Assuming that current gender occupational and sectoral patterns hold, women could have access to 20% more jobs than they do today, compared to 19% for men. This slight advantage for women reflects the robust growth that is expected in sectors like health care, where women are well represented. In fact, in many countries, women account for over 70% of health-care and social-assistance workers, and this sector could comprise one-quarter of future job opportunities for women (manufacturing will account for a similar share of potential job gains for men). In mature economies, health care is one of only two sectors in which job growth is likely to be strong, the other being professional and technical services, where women are underrepresented.
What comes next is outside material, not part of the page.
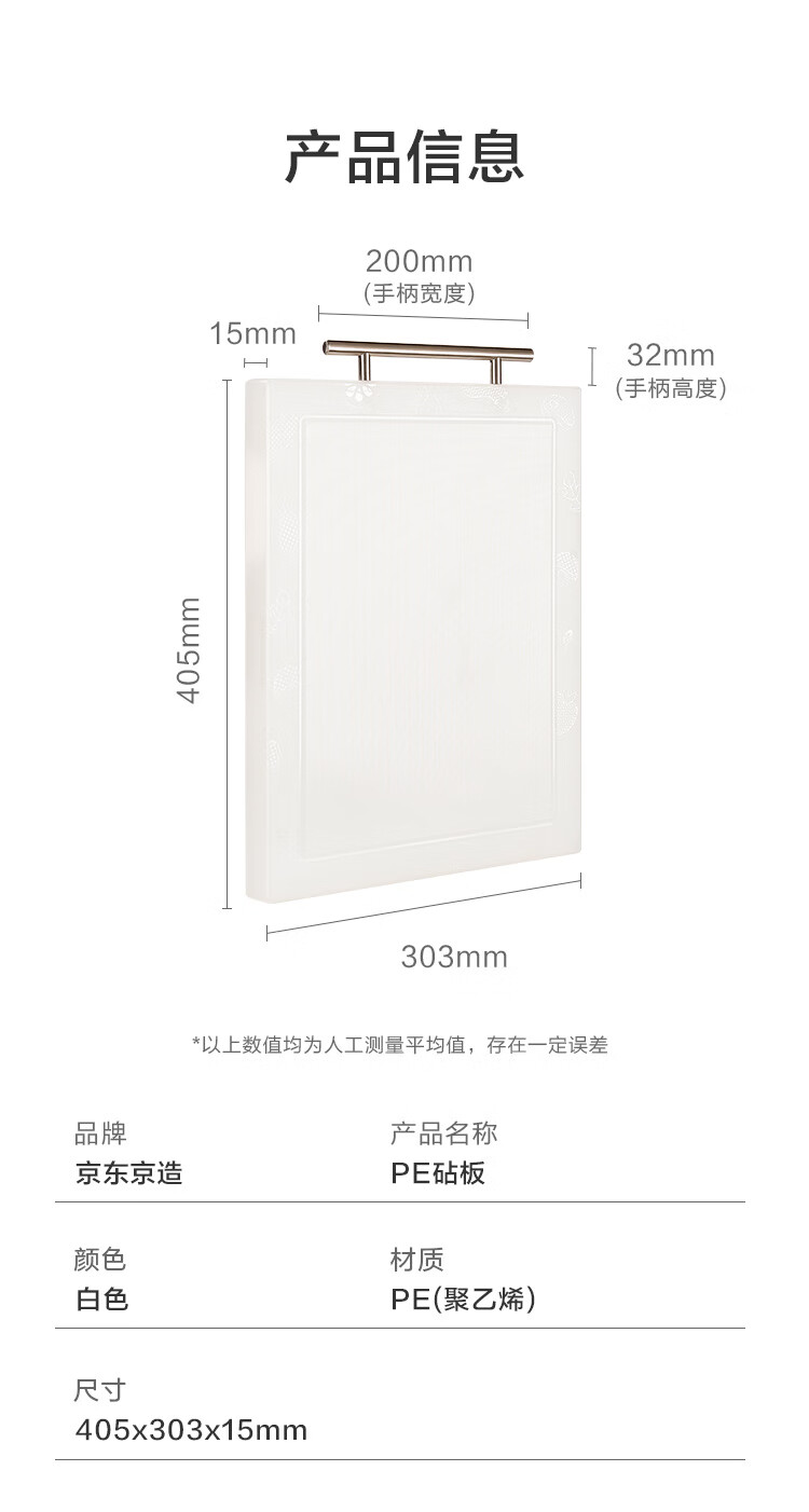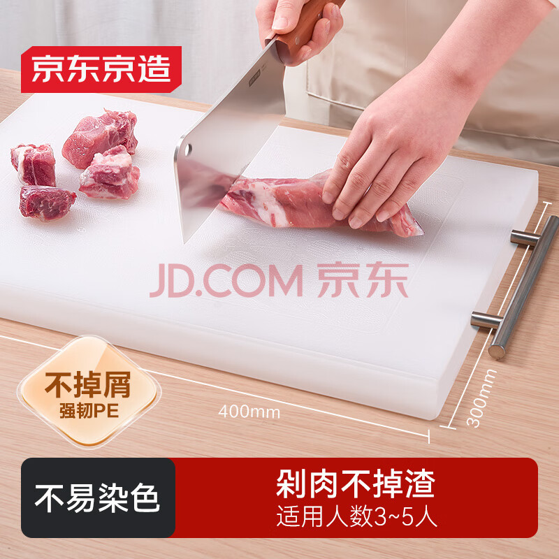 京造 菜板 砧案板切菜家用食品接触级双面分切PE加厚 白色40*30*1.5cm

Depending on the pace of automation, 7-24% of women currently employed (between 40 million and 160 million women worldwide) may need to switch occupations, compared to 8-28% of men. In mature economies, more women than men work in lower-paid occupations. In the coming years, demand for high-wage labor will likely grow, while demand for low- and middle-skill labor will contract. Middle-skill jobs, particularly those held by men, are the most vulnerable.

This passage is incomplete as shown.